If I don't trust something, I just say to myself I don't trust it. I don't need some elaborate logical theory to establish why my disapproval is based on rational reasoning instead of my gut or emotions. I can just go with my gut initially in order to watch the thing I distrust to familiarize myself with its nature and see if it is actually okay or why something is off about it. Initiative of instinct (without needing the crutch of confidence if you are matured), followed by a sensible stance (if you are matured), followed by reasonable strategy (if you are matured).

I find the introverted thinking is too distorted for my tastes, and the behavioral tendencies that appear to manifest in its users is kind of depressing to look at. That being said, healthy Ti seems fine and unhealthy Fi seems to share some of the qualities of unhealthy Ti, albeit with a different stress and focus. 

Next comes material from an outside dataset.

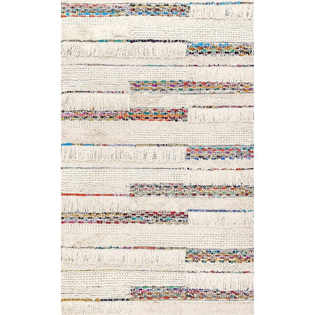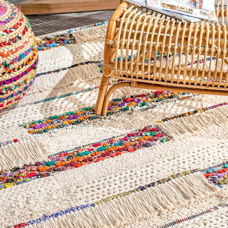 Handwoven Cotton Wooled Multi-Ivory Rug for Living Room

Even if the world is interpreted before humans can deal with it, not all interpretations are equal as not all consequences of relying on those interpretations are reasonable, enabling or welcome. Messing with that stuff can get you stuck. That being said, Fi probably has an equivalent rut, probably mood or attitude centered. But I find that sort of thing is dealt with if you mature, so I'm more comfortable with it compared to relying on Ti.

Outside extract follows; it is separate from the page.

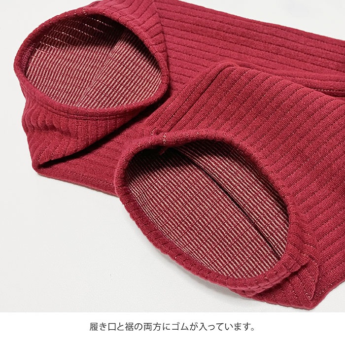 裾にもゴムがはいっている為、裾が床につくことなく着用できます。

In short, I want my capacity to effectively deal with the pragmatics of the world to be non-introverted, but I don't mind the idea of an introverted attitude to things like my nature, values or even emotional awareness which can be handy for trying to figure out more exactly what is causing stress or joy.


----------



## AST (Oct 1, 2013)

I'd keep my Ti. I really enjoy the ability to harmonize and hold things together with combined Fe + Ti, especially in the face of some solid Te + Fi people. Furthermore, the systematic understanding of things that my Ti brings (especially combined with a strong Si) is really helpful.


----------



## Carmine Ermine (Mar 11, 2012)

Ti but just because it makes more sense, also it likes to achieve self-mastery and never gives up hope.


----------



## Mbaruh (Aug 22, 2013)

I can't even grasp what Ti means -,-
Sounds like voodoo


----------



## I Kant (Jan 19, 2013)

I'm fairly sure Ti isn't synonymous with voodoo.

Simplistically put, it seems more like an introverted rational function based on non-sentimental evaluations.


----------